-- Given information follows --
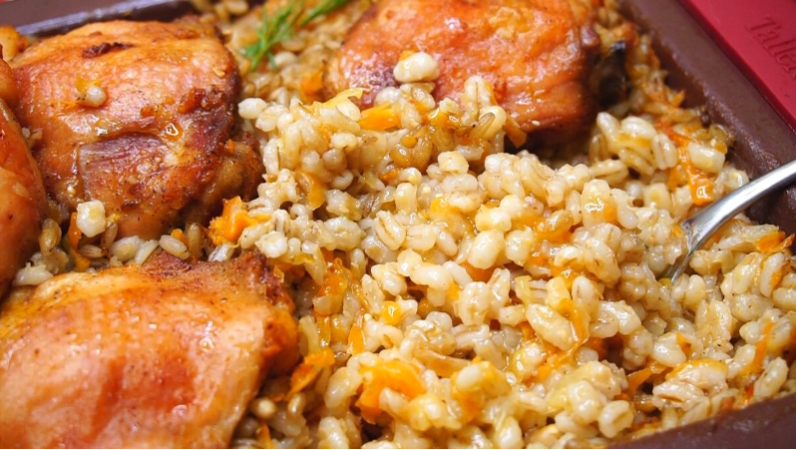 После этого в подготовленный противень выкладываются лук с морковью, замоченная перловка, и все хорошо перемешивается с приправами. Важно добавить достаточное количество воды, чтобы полностью покрыть крупу. Затем сверху размещается куриное мясо.
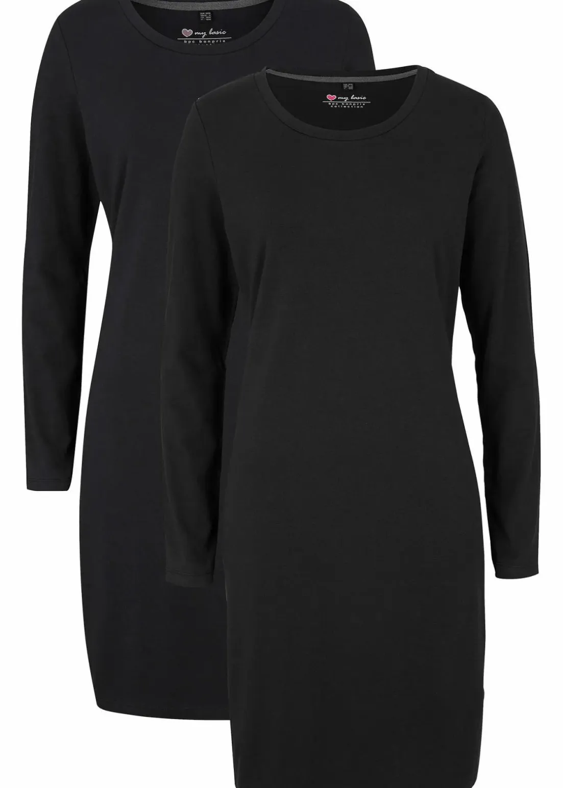 Basic Stretch-Kleid mit Rundhals-Ausschnitt, langarm, Doppelpack
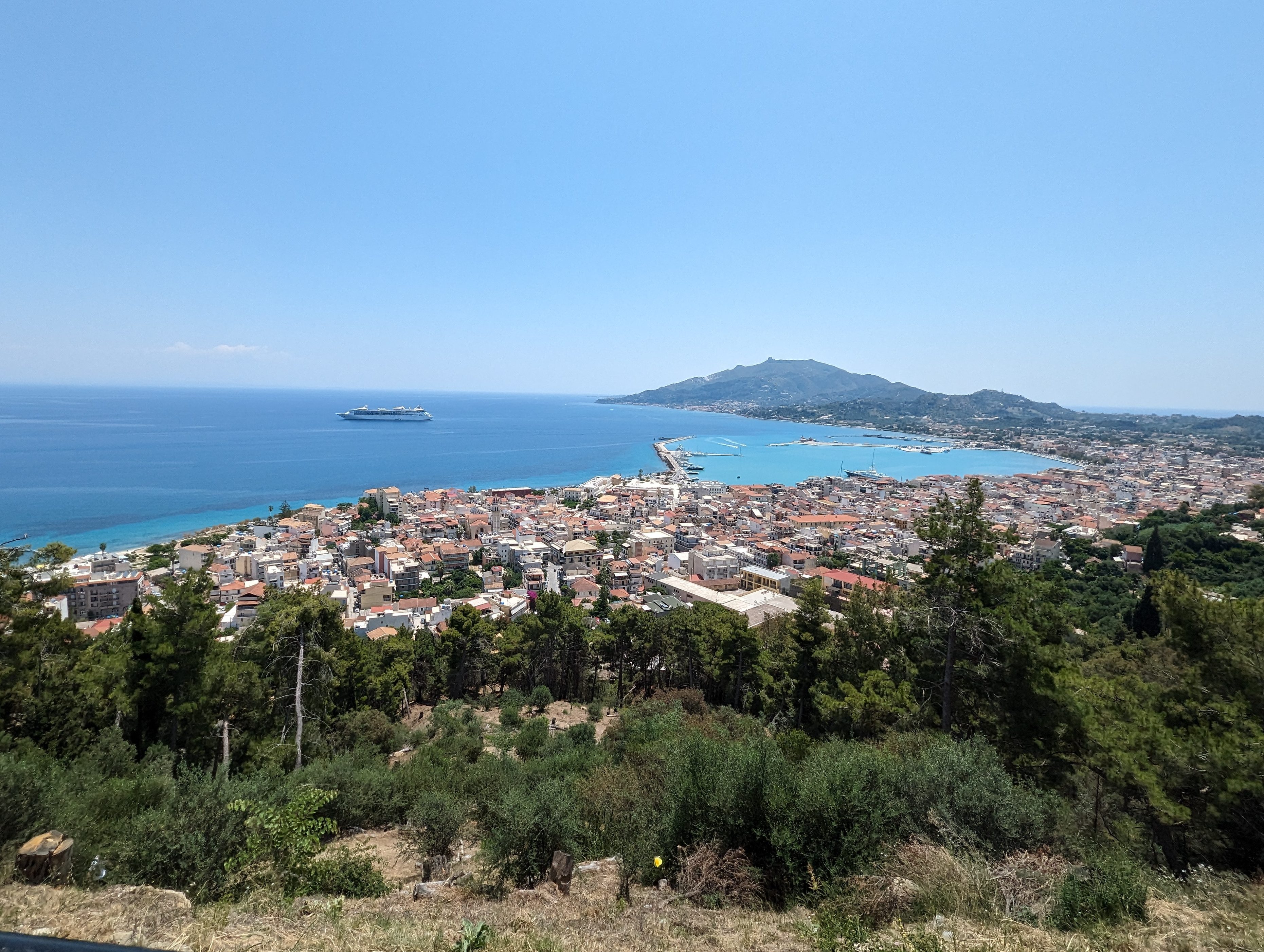 Our final scenic stop before heading back to the ship was the panoramic viewpoint at Bohali, perched above the island’s main harbor. From here, we could see all of Zakynthos Town, the docked ships, and far across the sea to the island of Kefalonia shimmering in the afternoon sun.
-- Given information concluded --
Problem statement>
Write out the line that contains "Basic Stretch-Kleid mit" and every line after it to the end of the data, exactly as they stand. Omit the pictures.

Response>
 Basic Stretch-Kleid mit Rundhals-Ausschnitt, langarm, Doppelpack
 Our final scenic stop before heading back to the ship was the panoramic viewpoint at Bohali, perched above the island’s main harbor. From here, we could see all of Zakynthos Town, the docked ships, and far across the sea to the island of Kefalonia shimmering in the afternoon sun.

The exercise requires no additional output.